Every line of the listing belongs in your answer exactly as written; the images do not.

Segment Open

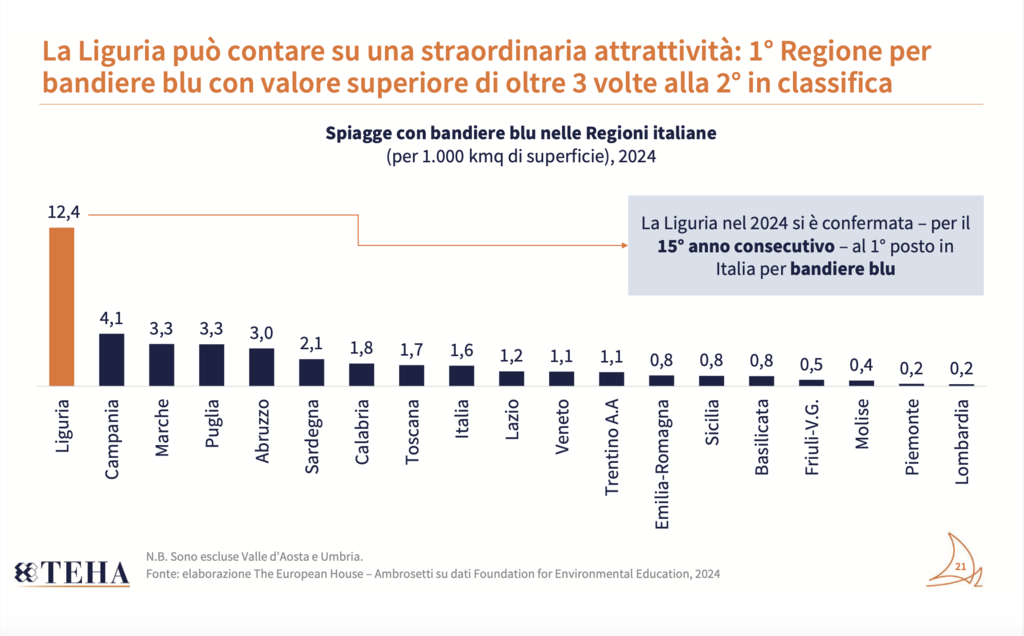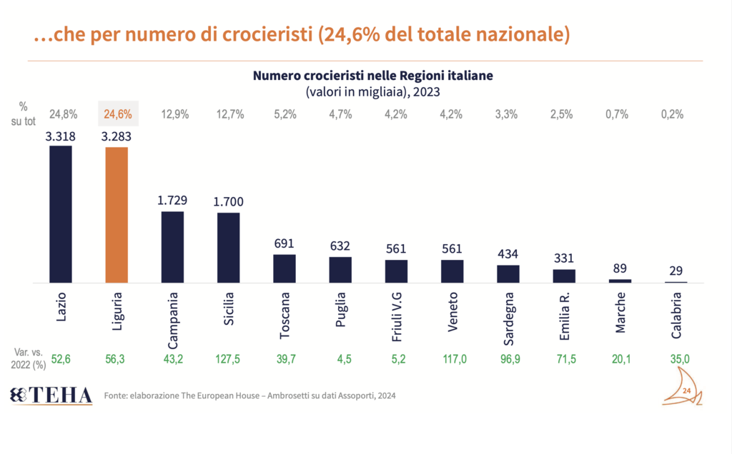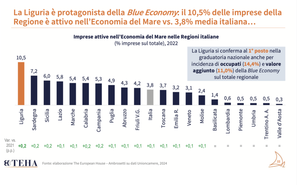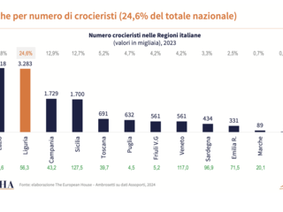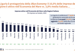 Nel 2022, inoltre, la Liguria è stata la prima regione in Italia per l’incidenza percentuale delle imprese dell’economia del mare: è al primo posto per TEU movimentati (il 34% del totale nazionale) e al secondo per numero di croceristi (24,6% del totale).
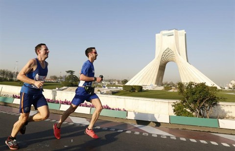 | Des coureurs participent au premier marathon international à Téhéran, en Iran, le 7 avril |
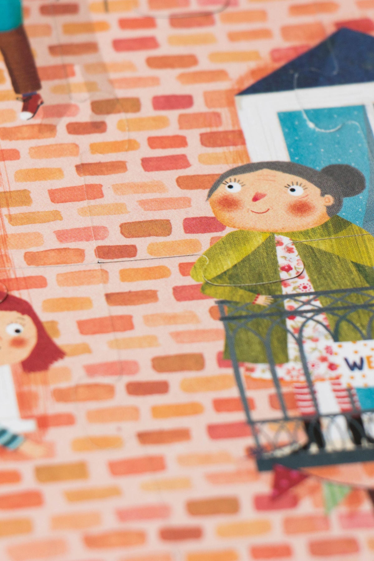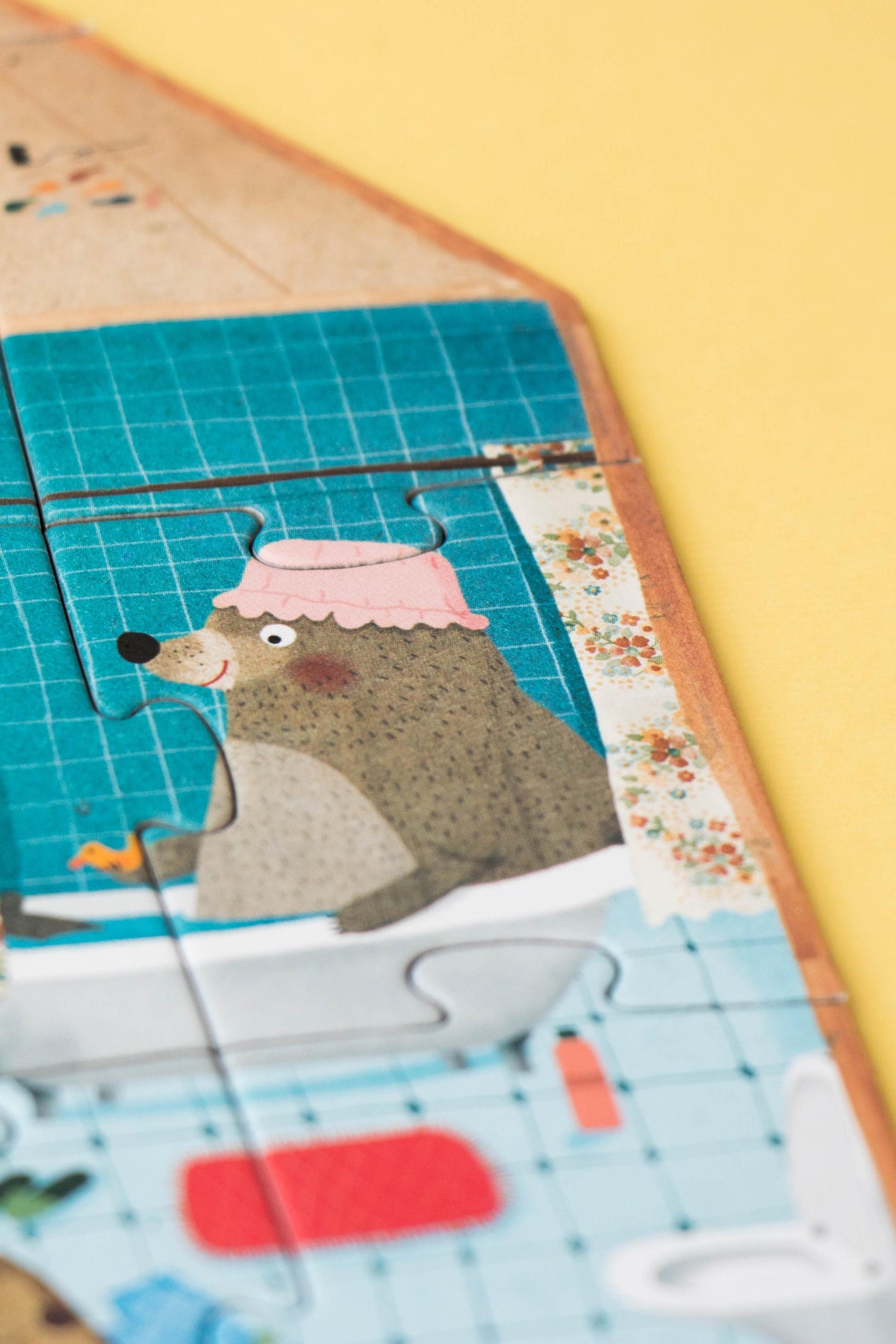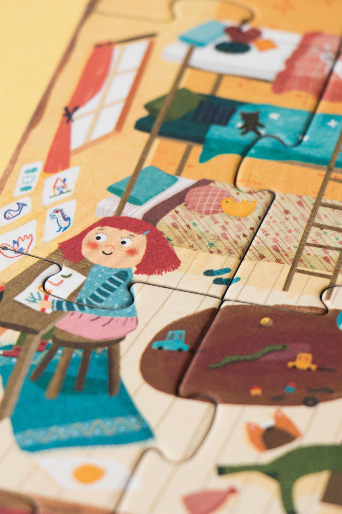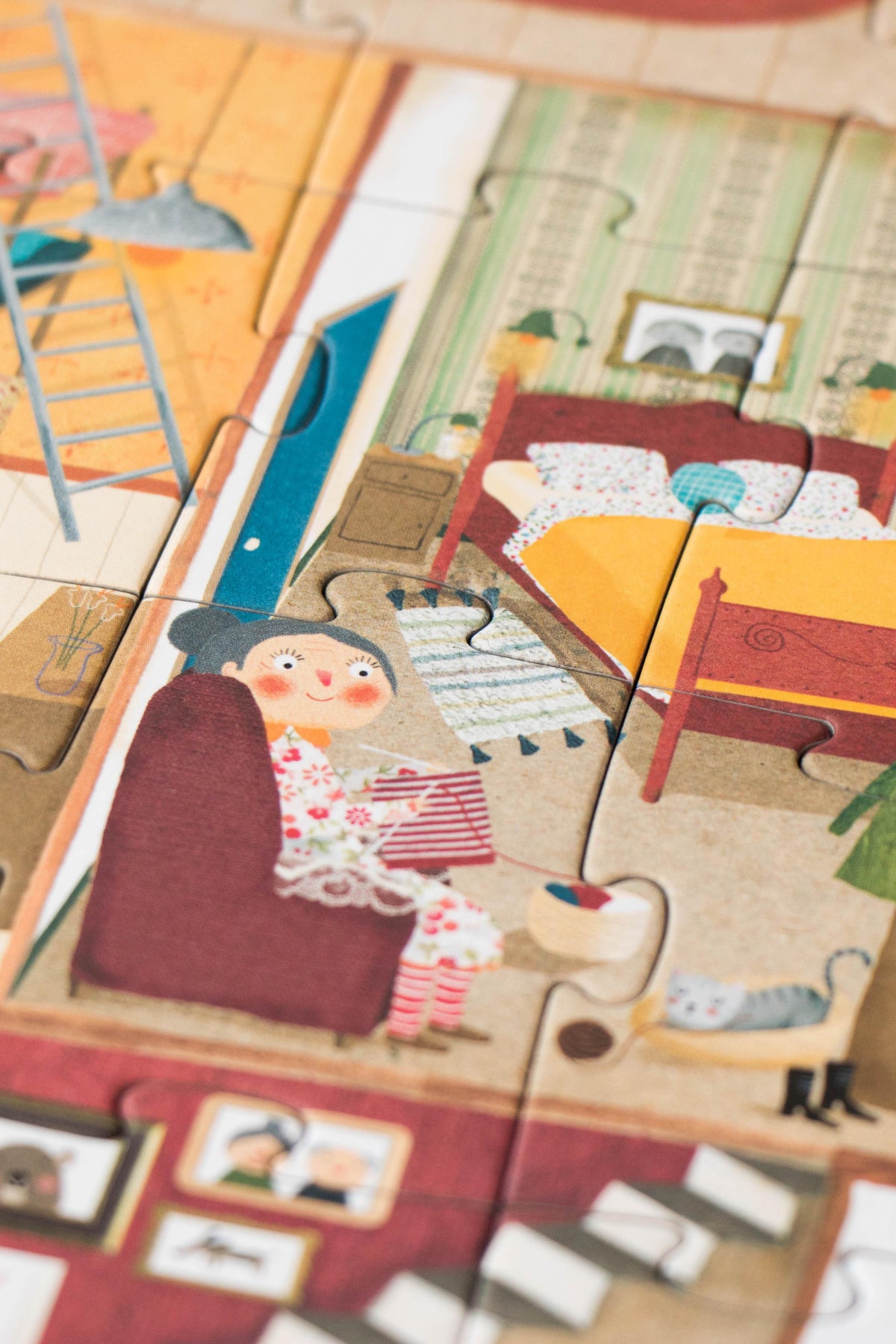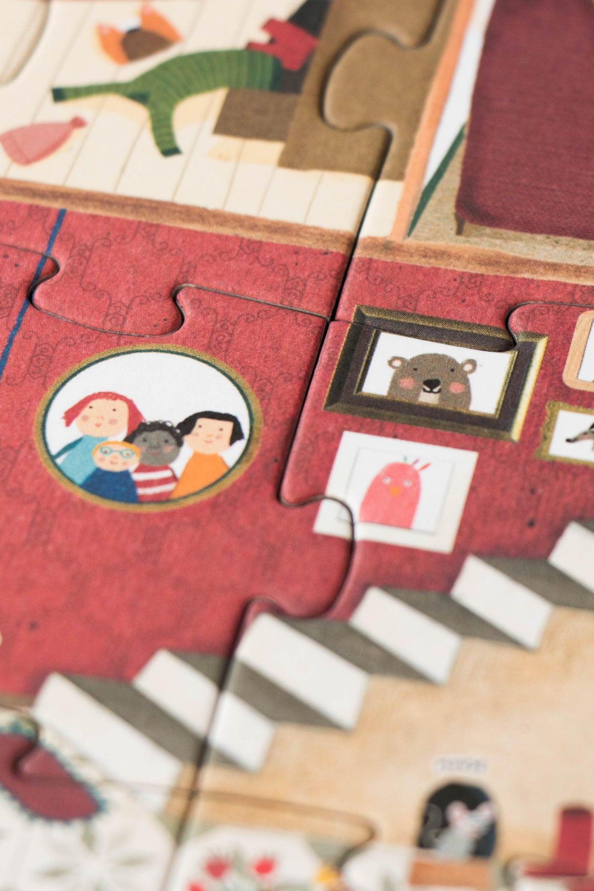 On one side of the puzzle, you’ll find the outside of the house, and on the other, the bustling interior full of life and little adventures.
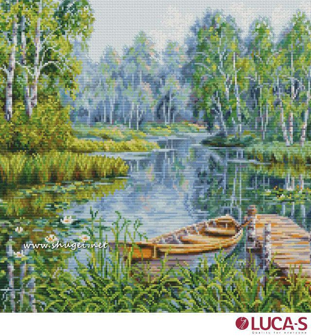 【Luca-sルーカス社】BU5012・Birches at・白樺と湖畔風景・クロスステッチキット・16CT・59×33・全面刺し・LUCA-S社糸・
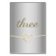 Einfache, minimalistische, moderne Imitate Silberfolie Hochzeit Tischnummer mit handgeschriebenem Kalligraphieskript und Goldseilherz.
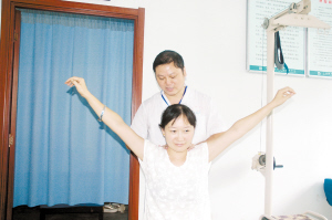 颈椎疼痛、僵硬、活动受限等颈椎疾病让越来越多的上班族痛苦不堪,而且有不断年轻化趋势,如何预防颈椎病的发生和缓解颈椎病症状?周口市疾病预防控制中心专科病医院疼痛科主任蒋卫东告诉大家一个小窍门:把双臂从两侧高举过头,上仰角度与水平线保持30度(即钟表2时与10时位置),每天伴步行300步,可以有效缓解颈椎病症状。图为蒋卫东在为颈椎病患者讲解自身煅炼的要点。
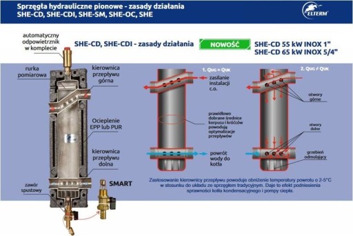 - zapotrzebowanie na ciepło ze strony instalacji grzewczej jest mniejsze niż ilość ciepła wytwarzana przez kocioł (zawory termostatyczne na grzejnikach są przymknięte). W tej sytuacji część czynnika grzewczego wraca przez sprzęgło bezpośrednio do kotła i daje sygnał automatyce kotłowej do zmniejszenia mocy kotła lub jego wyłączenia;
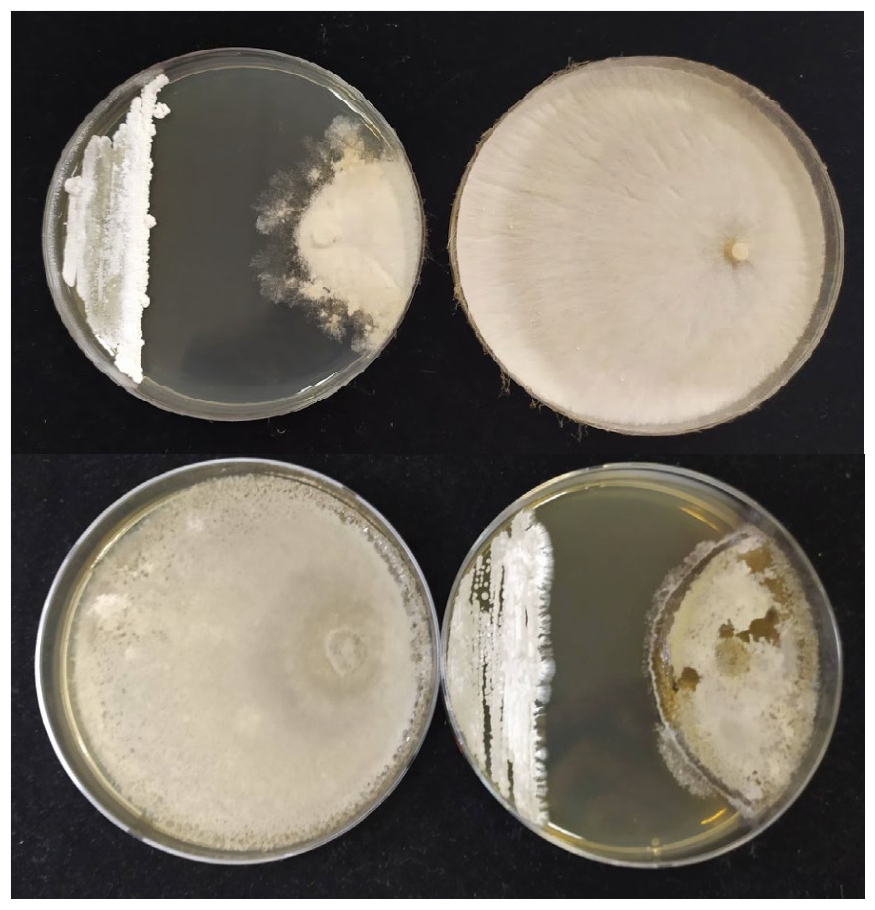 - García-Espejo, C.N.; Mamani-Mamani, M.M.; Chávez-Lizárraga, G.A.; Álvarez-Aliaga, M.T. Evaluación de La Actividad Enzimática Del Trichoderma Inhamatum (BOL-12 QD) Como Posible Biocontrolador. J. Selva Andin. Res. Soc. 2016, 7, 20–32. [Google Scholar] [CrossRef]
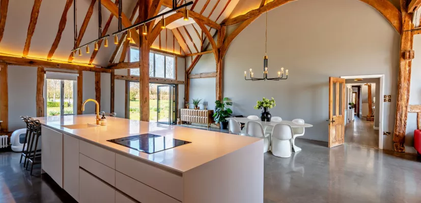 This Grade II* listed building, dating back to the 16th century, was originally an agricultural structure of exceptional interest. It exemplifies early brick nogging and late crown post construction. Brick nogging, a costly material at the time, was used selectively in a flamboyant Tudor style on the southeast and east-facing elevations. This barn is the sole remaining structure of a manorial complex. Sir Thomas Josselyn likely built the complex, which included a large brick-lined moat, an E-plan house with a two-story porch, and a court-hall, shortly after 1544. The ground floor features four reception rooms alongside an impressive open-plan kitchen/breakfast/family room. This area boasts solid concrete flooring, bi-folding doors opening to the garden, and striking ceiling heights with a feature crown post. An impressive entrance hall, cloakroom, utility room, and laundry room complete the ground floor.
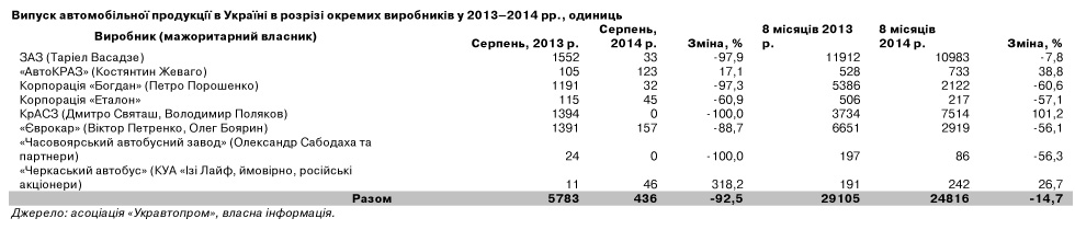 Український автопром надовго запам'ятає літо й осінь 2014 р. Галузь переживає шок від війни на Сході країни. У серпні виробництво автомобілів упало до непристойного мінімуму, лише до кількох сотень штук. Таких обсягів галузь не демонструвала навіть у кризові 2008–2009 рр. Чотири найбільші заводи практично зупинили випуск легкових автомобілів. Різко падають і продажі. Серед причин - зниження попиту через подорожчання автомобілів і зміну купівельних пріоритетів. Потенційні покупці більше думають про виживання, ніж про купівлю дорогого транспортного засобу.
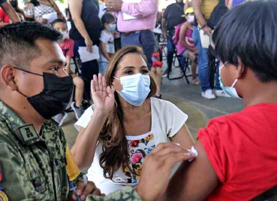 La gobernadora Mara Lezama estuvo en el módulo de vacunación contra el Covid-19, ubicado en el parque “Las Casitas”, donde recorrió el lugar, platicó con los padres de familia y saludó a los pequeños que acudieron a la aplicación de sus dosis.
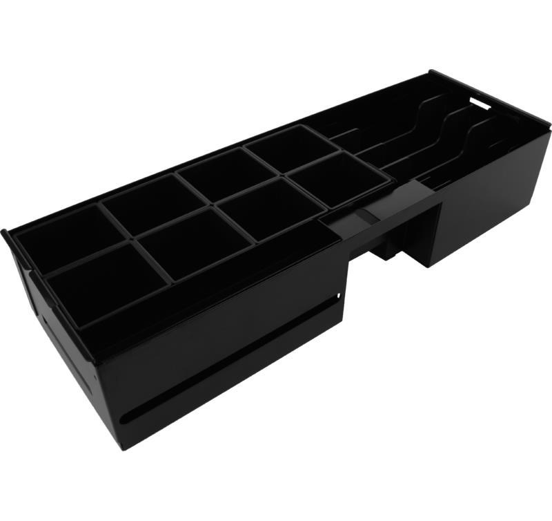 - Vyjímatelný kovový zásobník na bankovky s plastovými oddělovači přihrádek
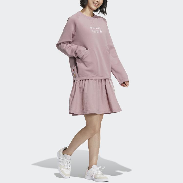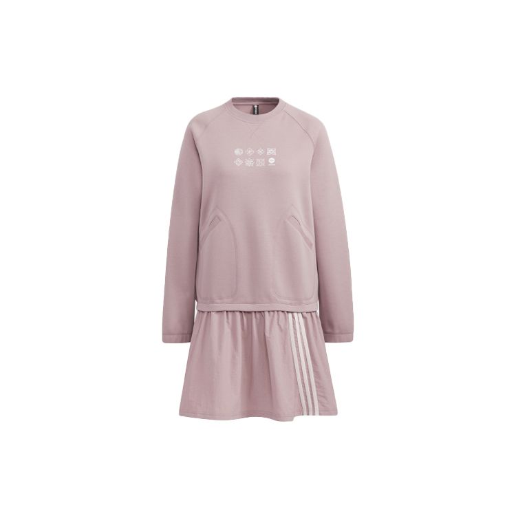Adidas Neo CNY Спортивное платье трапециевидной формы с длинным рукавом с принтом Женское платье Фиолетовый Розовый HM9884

Segment Closed

SOLUTION BELOW >>
 Nel 2022, inoltre, la Liguria è stata la prima regione in Italia per l’incidenza percentuale delle imprese dell’economia del mare: è al primo posto per TEU movimentati (il 34% del totale nazionale) e al secondo per numero di croceristi (24,6% del totale).
 | Des coureurs participent au premier marathon international à Téhéran, en Iran, le 7 avril |
 On one side of the puzzle, you’ll find the outside of the house, and on the other, the bustling interior full of life and little adventures.
 【Luca-sルーカス社】BU5012・Birches at・白樺と湖畔風景・クロスステッチキット・16CT・59×33・全面刺し・LUCA-S社糸・
 Einfache, minimalistische, moderne Imitate Silberfolie Hochzeit Tischnummer mit handgeschriebenem Kalligraphieskript und Goldseilherz.
 颈椎疼痛、僵硬、活动受限等颈椎疾病让越来越多的上班族痛苦不堪,而且有不断年轻化趋势,如何预防颈椎病的发生和缓解颈椎病症状?周口市疾病预防控制中心专科病医院疼痛科主任蒋卫东告诉大家一个小窍门:把双臂从两侧高举过头,上仰角度与水平线保持30度(即钟表2时与10时位置),每天伴步行300步,可以有效缓解颈椎病症状。图为蒋卫东在为颈椎病患者讲解自身煅炼的要点。
 - zapotrzebowanie na ciepło ze strony instalacji grzewczej jest mniejsze niż ilość ciepła wytwarzana przez kocioł (zawory termostatyczne na grzejnikach są przymknięte). W tej sytuacji część czynnika grzewczego wraca przez sprzęgło bezpośrednio do kotła i daje sygnał automatyce kotłowej do zmniejszenia mocy kotła lub jego wyłączenia;
 - García-Espejo, C.N.; Mamani-Mamani, M.M.; Chávez-Lizárraga, G.A.; Álvarez-Aliaga, M.T. Evaluación de La Actividad Enzimática Del Trichoderma Inhamatum (BOL-12 QD) Como Posible Biocontrolador. J. Selva Andin. Res. Soc. 2016, 7, 20–32. [Google Scholar] [CrossRef]
 This Grade II* listed building, dating back to the 16th century, was originally an agricultural structure of exceptional interest. It exemplifies early brick nogging and late crown post construction. Brick nogging, a costly material at the time, was used selectively in a flamboyant Tudor style on the southeast and east-facing elevations. This barn is the sole remaining structure of a manorial complex. Sir Thomas Josselyn likely built the complex, which included a large brick-lined moat, an E-plan house with a two-story porch, and a court-hall, shortly after 1544. The ground floor features four reception rooms alongside an impressive open-plan kitchen/breakfast/family room. This area boasts solid concrete flooring, bi-folding doors opening to the garden, and striking ceiling heights with a feature crown post. An impressive entrance hall, cloakroom, utility room, and laundry room complete the ground floor.
 Український автопром надовго запам'ятає літо й осінь 2014 р. Галузь переживає шок від війни на Сході країни. У серпні виробництво автомобілів упало до непристойного мінімуму, лише до кількох сотень штук. Таких обсягів галузь не демонструвала навіть у кризові 2008–2009 рр. Чотири найбільші заводи практично зупинили випуск легкових автомобілів. Різко падають і продажі. Серед причин - зниження попиту через подорожчання автомобілів і зміну купівельних пріоритетів. Потенційні покупці більше думають про виживання, ніж про купівлю дорогого транспортного засобу.
 La gobernadora Mara Lezama estuvo en el módulo de vacunación contra el Covid-19, ubicado en el parque “Las Casitas”, donde recorrió el lugar, platicó con los padres de familia y saludó a los pequeños que acudieron a la aplicación de sus dosis.
 - Vyjímatelný kovový zásobník na bankovky s plastovými oddělovači přihrádek
Adidas Neo CNY Спортивное платье трапециевидной формы с длинным рукавом с принтом Женское платье Фиолетовый Розовый HM9884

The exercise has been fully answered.